(DATA SHOWN Opens)
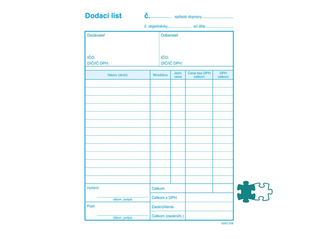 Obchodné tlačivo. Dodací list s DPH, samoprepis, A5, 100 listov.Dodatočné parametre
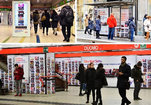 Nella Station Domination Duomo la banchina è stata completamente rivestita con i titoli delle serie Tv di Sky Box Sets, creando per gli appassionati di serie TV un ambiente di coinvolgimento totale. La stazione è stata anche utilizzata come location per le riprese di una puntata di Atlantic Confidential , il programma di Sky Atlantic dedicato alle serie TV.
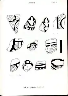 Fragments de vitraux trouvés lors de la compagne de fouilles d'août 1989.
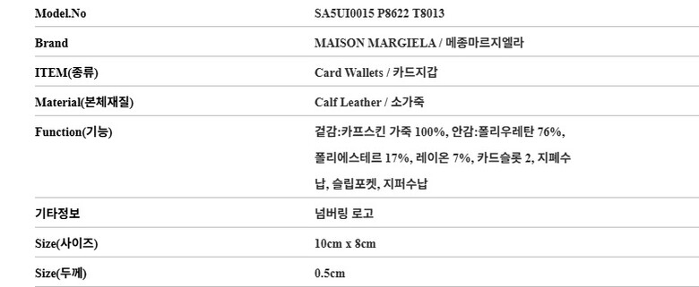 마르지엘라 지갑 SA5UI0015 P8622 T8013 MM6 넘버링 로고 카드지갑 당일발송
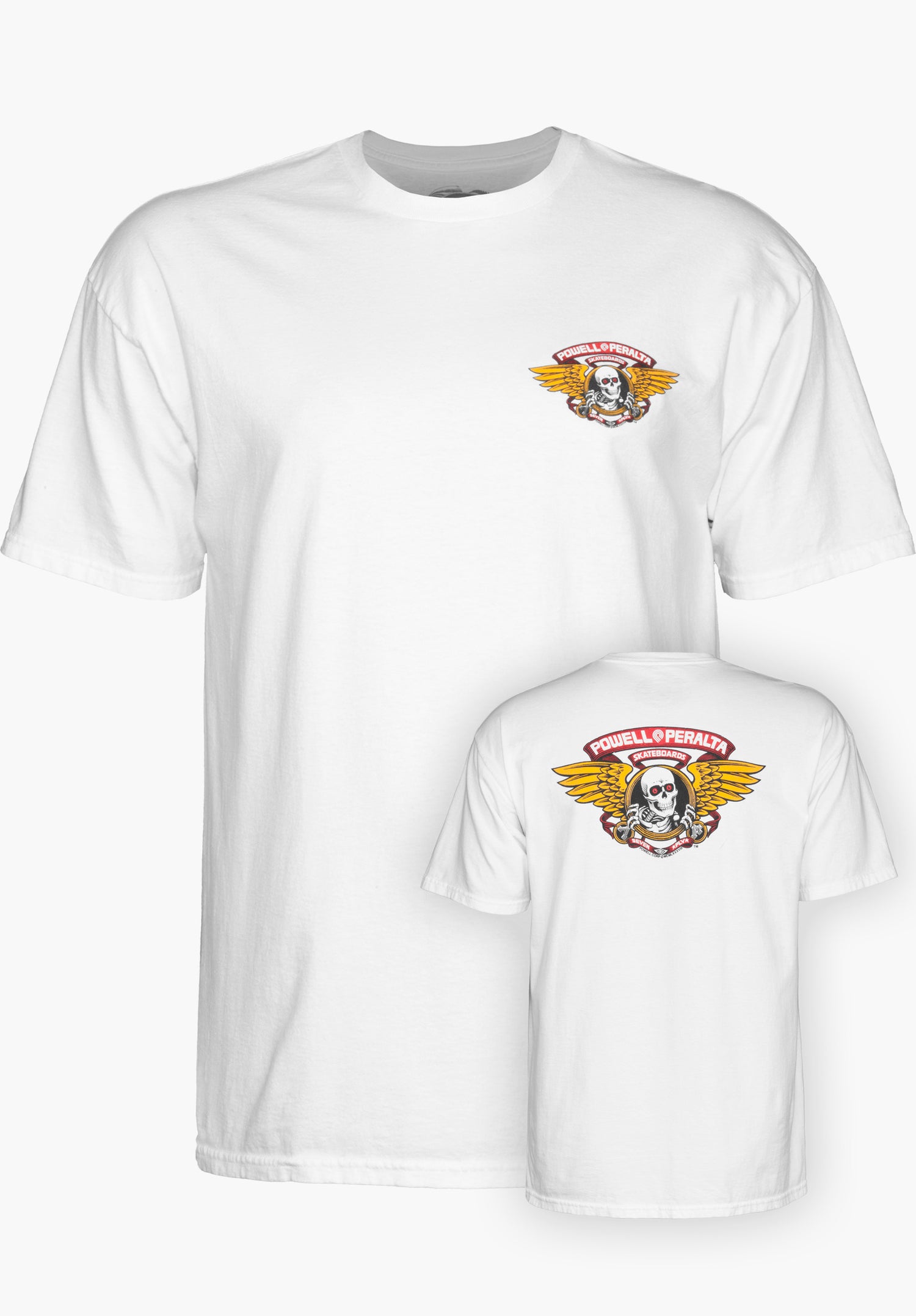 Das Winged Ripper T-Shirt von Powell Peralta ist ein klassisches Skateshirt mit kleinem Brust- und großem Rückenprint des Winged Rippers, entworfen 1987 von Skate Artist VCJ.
(DATA SHOWN Closes)
(DATA SHOWN Opens)
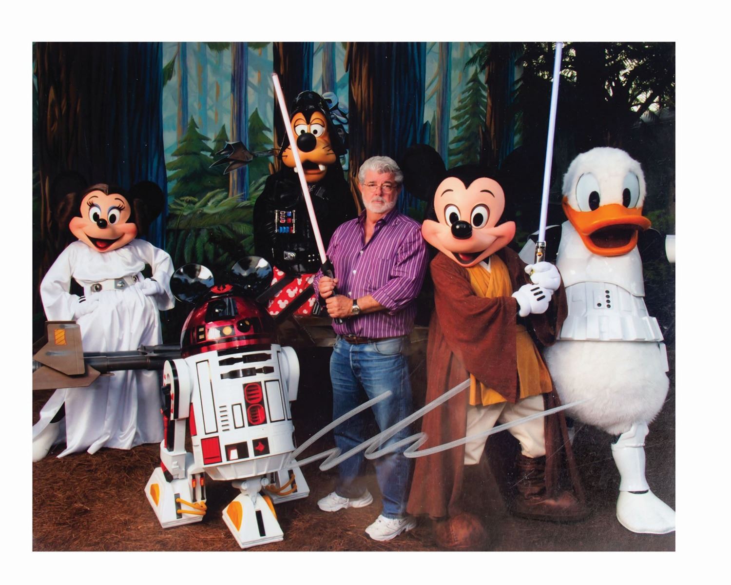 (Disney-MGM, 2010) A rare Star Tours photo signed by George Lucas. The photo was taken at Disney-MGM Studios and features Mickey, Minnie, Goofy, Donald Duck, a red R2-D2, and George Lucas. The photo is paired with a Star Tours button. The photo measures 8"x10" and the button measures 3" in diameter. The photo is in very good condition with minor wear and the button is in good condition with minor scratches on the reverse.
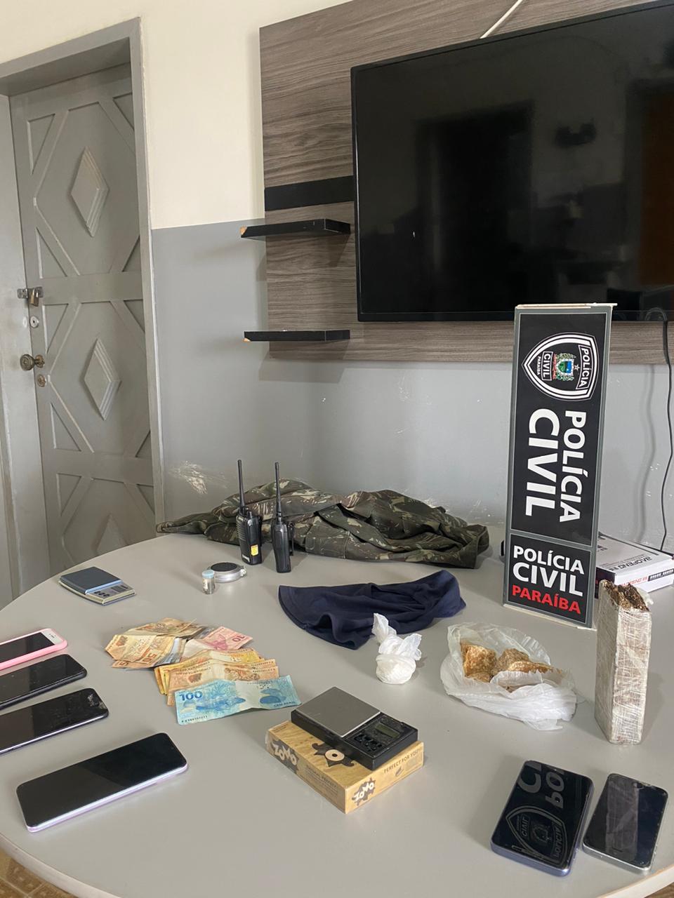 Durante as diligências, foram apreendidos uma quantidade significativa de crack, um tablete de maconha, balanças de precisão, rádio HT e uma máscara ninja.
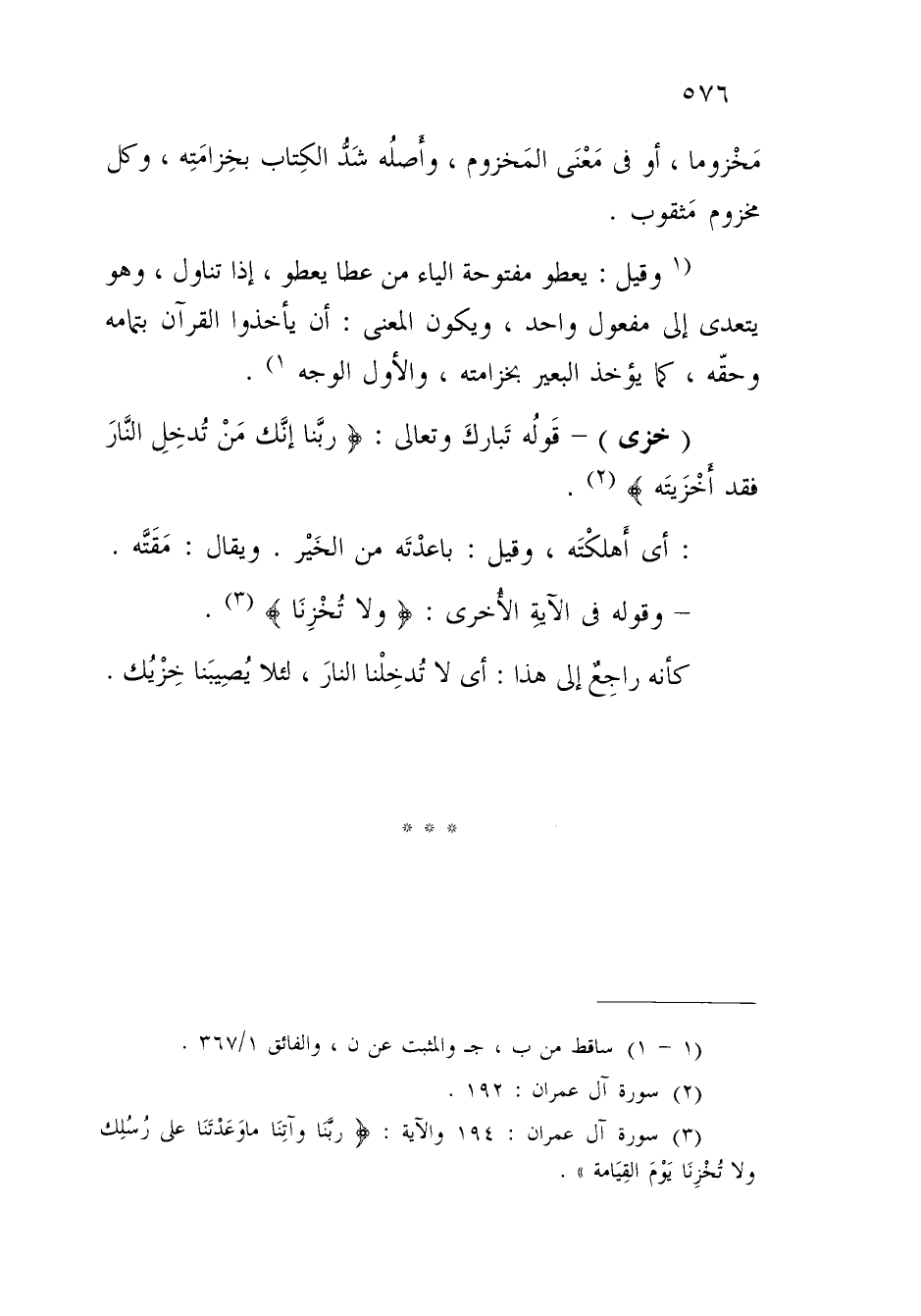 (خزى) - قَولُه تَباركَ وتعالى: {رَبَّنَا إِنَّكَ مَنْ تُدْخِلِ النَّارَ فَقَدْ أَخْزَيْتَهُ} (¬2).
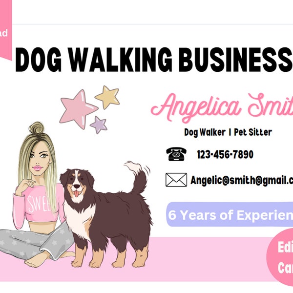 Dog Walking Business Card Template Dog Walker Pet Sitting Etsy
(DATA SHOWN Closes)
> **BRIEF**
Set the pictures aside and transcribe exactly the stretch of lines above, beginning with the one holding "(Disney-MGM, 2010) A" and ending with the one holding "Durante as diligências, foram".

> **ANSWER TO THE EXERCISE**
 (Disney-MGM, 2010) A rare Star Tours photo signed by George Lucas. The photo was taken at Disney-MGM Studios and features Mickey, Minnie, Goofy, Donald Duck, a red R2-D2, and George Lucas. The photo is paired with a Star Tours button. The photo measures 8"x10" and the button measures 3" in diameter. The photo is in very good condition with minor wear and the button is in good condition with minor scratches on the reverse.
 Durante as diligências, foram apreendidos uma quantidade significativa de crack, um tablete de maconha, balanças de precisão, rádio HT e uma máscara ninja.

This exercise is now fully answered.